We have a unique operation at Fargo in that we are one of only two airports nationwide that allows unmanned aircraft to integrate with manned aircraft in the terminal environment, the other being SYR. The North Dakota Air National Guard 119th Wing based at FAR flies the MQ9 Reaper, which has a 66 ft wing span and flies speeds similar to a small twin.  They currently have four MQ9s based locally and they fly them both in the local traffic pattern and depart the area to a number of different restricted airspaces within a few hundred miles.  To fill their see and avoid responsibility, the pilots are allowed to fly remotely by using a ground observer on the field that must keep the MQ9 in sight at all times when they are flying within the Class Delta and when they leave the Delta they use a Mooney as a chase plane.  The chase plane usually departs prior to the MQ9, holds over an area adjacent to the airport and once the MQ9 is airborne, they report it in sight, relieving the ground observer, and follow the MQ9 until they reach their restricted airspace.  When the MQ9 wants to return, the chase plane does the same thing in the reverse order until the ground observer has the MQ9 in sight at FAR.  Working an unmanned aircraft can be challenging at times as they aren’t allowed to follow traffic in the pattern, so as controllers we have to call their turns whenever they are following or when wake turbulence rules apply and we have learned to build in plenty of space when they land as it takes a long time for them to taxi off the runway.  Our summers are considerably busier than our winters as winter weather can be as cold as everyone assumes it is and our summer traffic is increased by local pilots traveling east to the lakes in Minnesota, parachute jumping operations just outside the class Delta and we typically have an airshow every other July.  

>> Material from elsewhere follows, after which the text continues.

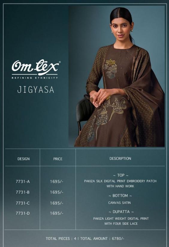 Looking for JIGYASA BY OMTEX PAKIZA SILK STYLISH SALWAR KAMEEZ Full Catalouge at Best Price? Buy Now JIGYASA BY OMTEX PAKIZA SILK STYLISH SALWAR KAMEEZ at Wholesale Rate of Rs 6780 with Total 4 Pcs from authroized dealer and supplier of Om Tex Brand. Cost of Each piece is just only Rs 1695 which is very low and affordable price to resale the product in your retail store. rrgandhi is Surat based Wholesale Supplier & Dealer of Om Tex Brand. Click on Brand name to Know more about Brand's products.

The other facilities we work with are ZMP Sector 24 and Grand Forks RAPCON.  

The Fargo area is a great place to live and raise a family, good school systems, relatively low cost of living and is big enough that it has everything a person could need, but small enough to drive across the city in less than 20 minutes.  The majority of the controllers grew up in the area or have ties close to this area, with 15 of the 21 being University of North Dakota graduates.  Fargo is located right on the border of Minnesota and the popular Minnesota lakes country is only an hour drive to the east, providing close vacation or day trip opportunities throughout the year.  

Our facility has only recently been 100% NATCA and the solidarity of the membership shows in how everyone here pitches in and takes ownership in how the facility functions.  It isn’t hard to find volunteers when a new workgroup starts up and the controllers here really take pride in doing everything together.  I think NATCA is important at our facility because it doesn’t matter how many leadership changes we see in the agency, we have a local that supports a common goal of doing what is best for this facility, looks out for one another and is a place where you can look for someone to help you out in a time of need.